Supplied data.
>>>>>
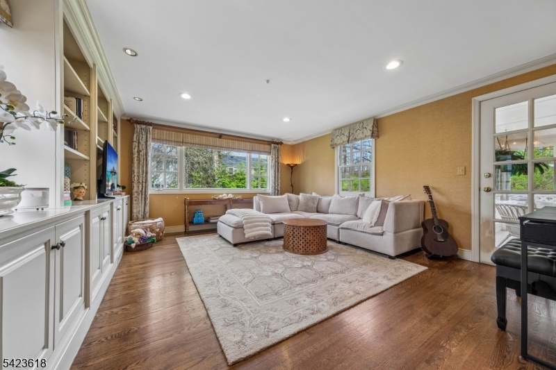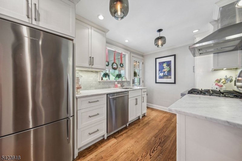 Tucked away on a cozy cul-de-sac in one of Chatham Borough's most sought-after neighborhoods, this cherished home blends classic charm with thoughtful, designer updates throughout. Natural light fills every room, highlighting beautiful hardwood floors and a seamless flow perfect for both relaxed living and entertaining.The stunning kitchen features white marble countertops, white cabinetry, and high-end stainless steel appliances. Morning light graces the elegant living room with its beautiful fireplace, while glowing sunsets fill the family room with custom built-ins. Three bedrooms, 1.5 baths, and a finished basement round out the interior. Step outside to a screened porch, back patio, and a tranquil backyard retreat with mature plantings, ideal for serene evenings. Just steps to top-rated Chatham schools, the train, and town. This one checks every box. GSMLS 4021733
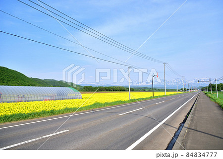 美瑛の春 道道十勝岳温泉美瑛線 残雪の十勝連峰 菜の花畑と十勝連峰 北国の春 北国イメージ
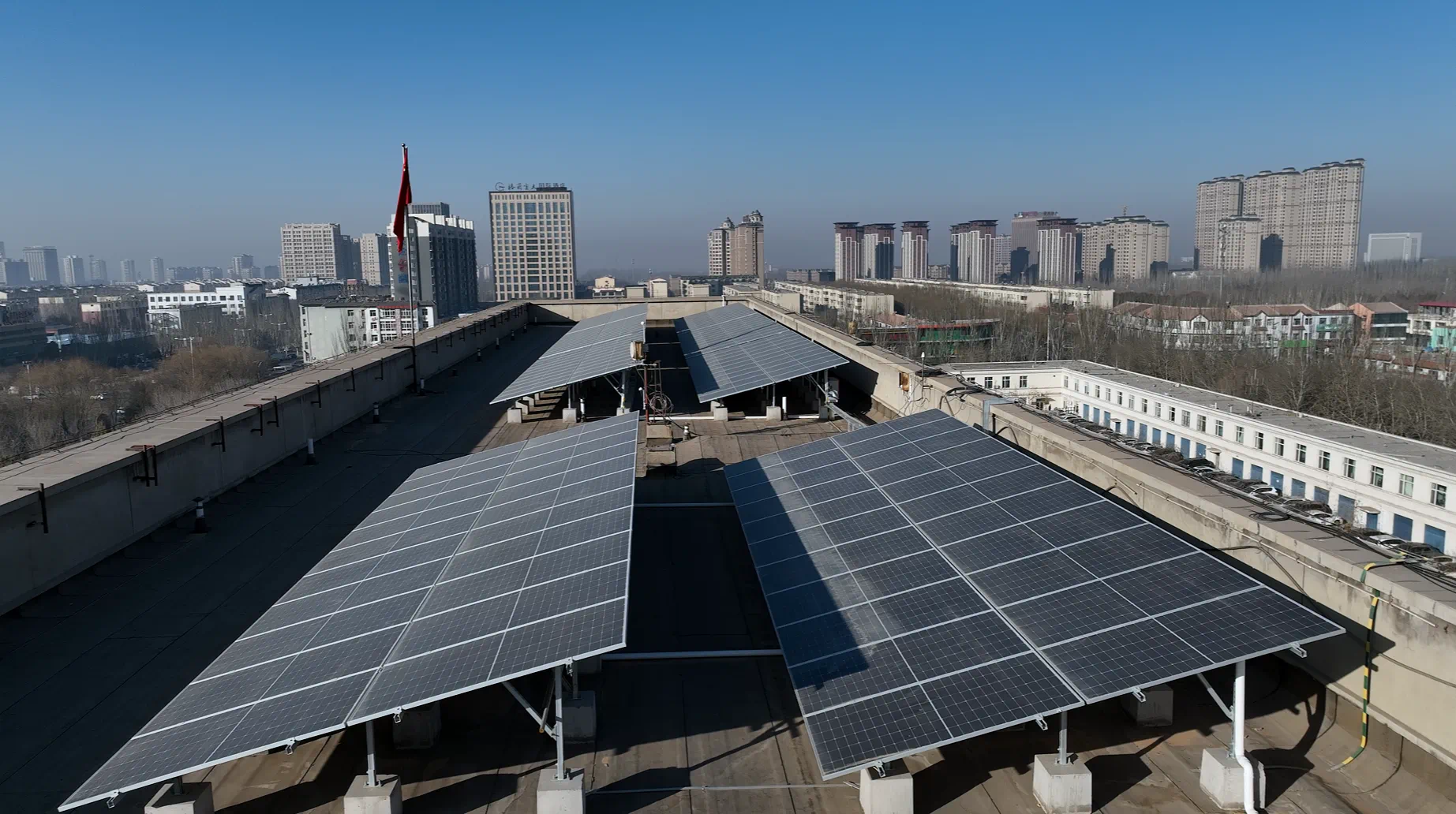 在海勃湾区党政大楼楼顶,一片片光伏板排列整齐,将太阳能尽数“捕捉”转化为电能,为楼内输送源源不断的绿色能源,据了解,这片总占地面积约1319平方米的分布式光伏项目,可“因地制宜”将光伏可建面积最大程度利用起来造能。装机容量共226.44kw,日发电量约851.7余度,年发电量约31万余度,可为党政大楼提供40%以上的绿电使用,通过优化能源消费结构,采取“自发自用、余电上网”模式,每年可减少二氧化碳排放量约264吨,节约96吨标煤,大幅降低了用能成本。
<<<<<
Work order.
Take the lines from the one containing "美瑛の春 道道十勝岳温泉美瑛線 残雪の十勝連峰" through the last line of the listing and repeat them exactly. Omit the pictures.

Answer box.
 美瑛の春 道道十勝岳温泉美瑛線 残雪の十勝連峰 菜の花畑と十勝連峰 北国の春 北国イメージ
 在海勃湾区党政大楼楼顶,一片片光伏板排列整齐,将太阳能尽数“捕捉”转化为电能,为楼内输送源源不断的绿色能源,据了解,这片总占地面积约1319平方米的分布式光伏项目,可“因地制宜”将光伏可建面积最大程度利用起来造能。装机容量共226.44kw,日发电量约851.7余度,年发电量约31万余度,可为党政大楼提供40%以上的绿电使用,通过优化能源消费结构,采取“自发自用、余电上网”模式,每年可减少二氧化碳排放量约264吨,节约96吨标煤,大幅降低了用能成本。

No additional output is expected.